### [TRY IT]
Look for the word "will" in the entries below, then copy every line that has it.
:: DATA SUPPLIED
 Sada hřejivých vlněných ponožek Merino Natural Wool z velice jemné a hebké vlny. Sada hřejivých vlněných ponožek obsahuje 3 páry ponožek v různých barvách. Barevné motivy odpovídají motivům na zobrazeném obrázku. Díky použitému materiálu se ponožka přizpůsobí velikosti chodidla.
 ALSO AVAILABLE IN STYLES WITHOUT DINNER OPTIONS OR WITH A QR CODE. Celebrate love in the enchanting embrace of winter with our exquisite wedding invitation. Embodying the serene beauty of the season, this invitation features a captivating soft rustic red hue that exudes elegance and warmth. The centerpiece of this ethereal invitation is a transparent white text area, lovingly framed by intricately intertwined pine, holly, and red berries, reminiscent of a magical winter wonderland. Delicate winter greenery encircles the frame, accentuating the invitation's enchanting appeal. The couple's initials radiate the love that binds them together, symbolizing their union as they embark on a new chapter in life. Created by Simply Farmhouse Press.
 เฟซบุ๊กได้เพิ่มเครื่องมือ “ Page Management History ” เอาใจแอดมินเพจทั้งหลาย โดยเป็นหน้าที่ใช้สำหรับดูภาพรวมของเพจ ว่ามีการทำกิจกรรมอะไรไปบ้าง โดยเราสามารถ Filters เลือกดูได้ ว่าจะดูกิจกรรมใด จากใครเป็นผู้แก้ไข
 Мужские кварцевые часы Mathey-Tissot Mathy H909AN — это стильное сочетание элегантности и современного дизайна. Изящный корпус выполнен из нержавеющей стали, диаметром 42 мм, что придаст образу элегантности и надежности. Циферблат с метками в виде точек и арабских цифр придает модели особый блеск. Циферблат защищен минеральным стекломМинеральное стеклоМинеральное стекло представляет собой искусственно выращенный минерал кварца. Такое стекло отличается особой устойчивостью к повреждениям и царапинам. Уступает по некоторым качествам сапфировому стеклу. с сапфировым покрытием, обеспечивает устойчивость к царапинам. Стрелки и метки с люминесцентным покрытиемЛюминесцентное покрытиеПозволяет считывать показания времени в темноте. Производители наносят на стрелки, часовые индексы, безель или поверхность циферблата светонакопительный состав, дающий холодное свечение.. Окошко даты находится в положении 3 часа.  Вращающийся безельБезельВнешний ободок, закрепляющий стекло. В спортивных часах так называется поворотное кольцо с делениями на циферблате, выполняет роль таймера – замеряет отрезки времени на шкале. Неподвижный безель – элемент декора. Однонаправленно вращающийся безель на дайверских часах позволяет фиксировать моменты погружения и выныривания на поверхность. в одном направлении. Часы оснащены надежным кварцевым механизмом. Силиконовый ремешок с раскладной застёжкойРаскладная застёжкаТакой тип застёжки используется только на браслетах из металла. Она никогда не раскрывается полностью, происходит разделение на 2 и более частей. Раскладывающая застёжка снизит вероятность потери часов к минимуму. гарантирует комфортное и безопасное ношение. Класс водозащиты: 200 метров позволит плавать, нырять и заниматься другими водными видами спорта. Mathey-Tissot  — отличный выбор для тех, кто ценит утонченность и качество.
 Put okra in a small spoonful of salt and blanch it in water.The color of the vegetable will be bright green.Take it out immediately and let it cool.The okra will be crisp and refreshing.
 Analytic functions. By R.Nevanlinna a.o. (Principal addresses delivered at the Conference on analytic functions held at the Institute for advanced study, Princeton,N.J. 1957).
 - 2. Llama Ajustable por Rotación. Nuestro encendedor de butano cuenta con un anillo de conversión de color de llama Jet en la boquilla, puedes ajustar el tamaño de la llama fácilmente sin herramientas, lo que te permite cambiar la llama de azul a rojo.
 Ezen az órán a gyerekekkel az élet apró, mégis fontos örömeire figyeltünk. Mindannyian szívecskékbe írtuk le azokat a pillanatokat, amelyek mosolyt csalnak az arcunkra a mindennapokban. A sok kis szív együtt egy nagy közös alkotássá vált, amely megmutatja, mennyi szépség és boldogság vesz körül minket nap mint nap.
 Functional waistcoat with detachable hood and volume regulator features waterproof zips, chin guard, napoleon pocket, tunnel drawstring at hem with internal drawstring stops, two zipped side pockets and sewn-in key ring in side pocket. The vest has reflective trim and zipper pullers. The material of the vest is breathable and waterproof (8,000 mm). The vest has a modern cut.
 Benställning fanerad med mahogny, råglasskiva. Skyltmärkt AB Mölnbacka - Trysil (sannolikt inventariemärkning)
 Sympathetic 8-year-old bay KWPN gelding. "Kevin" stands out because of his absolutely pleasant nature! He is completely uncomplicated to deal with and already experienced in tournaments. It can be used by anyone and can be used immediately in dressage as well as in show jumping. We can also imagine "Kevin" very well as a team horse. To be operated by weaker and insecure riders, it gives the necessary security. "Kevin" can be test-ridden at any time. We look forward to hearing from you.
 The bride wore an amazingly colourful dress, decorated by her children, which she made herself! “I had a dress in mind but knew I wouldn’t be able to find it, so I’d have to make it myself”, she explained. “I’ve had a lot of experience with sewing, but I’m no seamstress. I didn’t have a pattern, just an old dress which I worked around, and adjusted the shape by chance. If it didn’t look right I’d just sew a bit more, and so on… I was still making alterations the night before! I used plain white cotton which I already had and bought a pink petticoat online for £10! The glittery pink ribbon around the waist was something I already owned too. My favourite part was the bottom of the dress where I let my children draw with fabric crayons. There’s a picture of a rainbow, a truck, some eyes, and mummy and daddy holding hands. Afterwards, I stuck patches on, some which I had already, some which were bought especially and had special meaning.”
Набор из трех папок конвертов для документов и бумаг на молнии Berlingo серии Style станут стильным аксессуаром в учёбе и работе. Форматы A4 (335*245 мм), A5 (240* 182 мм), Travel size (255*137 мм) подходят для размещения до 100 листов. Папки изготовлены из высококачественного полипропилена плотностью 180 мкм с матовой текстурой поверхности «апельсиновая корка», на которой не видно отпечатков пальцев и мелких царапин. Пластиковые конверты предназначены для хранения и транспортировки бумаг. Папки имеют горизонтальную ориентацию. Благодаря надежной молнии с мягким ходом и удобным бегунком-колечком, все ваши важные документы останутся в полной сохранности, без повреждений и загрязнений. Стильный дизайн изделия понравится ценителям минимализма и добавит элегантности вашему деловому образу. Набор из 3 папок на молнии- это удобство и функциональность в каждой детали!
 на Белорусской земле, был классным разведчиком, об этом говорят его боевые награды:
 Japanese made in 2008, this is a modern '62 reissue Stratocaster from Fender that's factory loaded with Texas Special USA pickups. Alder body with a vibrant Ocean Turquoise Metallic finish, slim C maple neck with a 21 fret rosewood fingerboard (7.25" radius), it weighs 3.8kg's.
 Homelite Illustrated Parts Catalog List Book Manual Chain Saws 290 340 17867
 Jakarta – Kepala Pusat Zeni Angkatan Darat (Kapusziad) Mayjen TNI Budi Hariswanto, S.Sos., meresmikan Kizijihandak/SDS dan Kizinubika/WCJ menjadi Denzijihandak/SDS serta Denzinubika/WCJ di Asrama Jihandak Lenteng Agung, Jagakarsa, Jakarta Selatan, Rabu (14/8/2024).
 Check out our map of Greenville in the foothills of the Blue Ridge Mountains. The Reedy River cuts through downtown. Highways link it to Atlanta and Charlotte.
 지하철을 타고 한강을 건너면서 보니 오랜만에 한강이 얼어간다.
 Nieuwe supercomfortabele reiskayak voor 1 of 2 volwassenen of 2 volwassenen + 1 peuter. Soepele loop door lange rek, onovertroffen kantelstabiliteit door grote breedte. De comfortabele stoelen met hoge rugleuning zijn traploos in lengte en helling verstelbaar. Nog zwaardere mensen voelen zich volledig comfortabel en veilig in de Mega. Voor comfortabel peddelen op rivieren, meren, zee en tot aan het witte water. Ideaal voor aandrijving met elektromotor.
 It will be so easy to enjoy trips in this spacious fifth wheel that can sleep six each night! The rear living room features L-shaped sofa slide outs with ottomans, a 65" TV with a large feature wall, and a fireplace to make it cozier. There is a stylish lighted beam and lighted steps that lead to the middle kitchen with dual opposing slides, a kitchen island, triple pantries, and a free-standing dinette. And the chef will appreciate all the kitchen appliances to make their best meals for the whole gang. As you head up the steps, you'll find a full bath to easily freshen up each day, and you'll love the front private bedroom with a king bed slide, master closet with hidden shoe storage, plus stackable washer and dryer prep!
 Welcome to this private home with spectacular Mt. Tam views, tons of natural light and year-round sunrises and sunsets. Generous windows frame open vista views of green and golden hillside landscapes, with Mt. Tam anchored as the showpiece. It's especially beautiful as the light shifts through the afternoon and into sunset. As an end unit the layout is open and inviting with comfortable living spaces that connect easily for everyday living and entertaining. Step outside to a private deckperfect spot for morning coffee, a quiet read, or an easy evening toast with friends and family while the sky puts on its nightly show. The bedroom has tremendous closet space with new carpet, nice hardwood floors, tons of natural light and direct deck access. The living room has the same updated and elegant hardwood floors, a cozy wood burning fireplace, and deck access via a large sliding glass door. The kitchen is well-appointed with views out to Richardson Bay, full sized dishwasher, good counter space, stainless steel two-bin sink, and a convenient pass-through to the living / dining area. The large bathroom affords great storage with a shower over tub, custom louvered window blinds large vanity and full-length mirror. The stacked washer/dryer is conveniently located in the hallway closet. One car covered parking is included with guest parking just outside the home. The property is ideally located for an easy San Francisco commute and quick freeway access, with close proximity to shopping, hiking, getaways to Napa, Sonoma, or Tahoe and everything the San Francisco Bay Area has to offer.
::::
### [SOLUTION TO THE PROBLEM]
 Put okra in a small spoonful of salt and blanch it in water.The color of the vegetable will be bright green.Take it out immediately and let it cool.The okra will be crisp and refreshing.
 It will be so easy to enjoy trips in this spacious fifth wheel that can sleep six each night! The rear living room features L-shaped sofa slide outs with ottomans, a 65" TV with a large feature wall, and a fireplace to make it cozier. There is a stylish lighted beam and lighted steps that lead to the middle kitchen with dual opposing slides, a kitchen island, triple pantries, and a free-standing dinette. And the chef will appreciate all the kitchen appliances to make their best meals for the whole gang. As you head up the steps, you'll find a full bath to easily freshen up each day, and you'll love the front private bedroom with a king bed slide, master closet with hidden shoe storage, plus stackable washer and dryer prep!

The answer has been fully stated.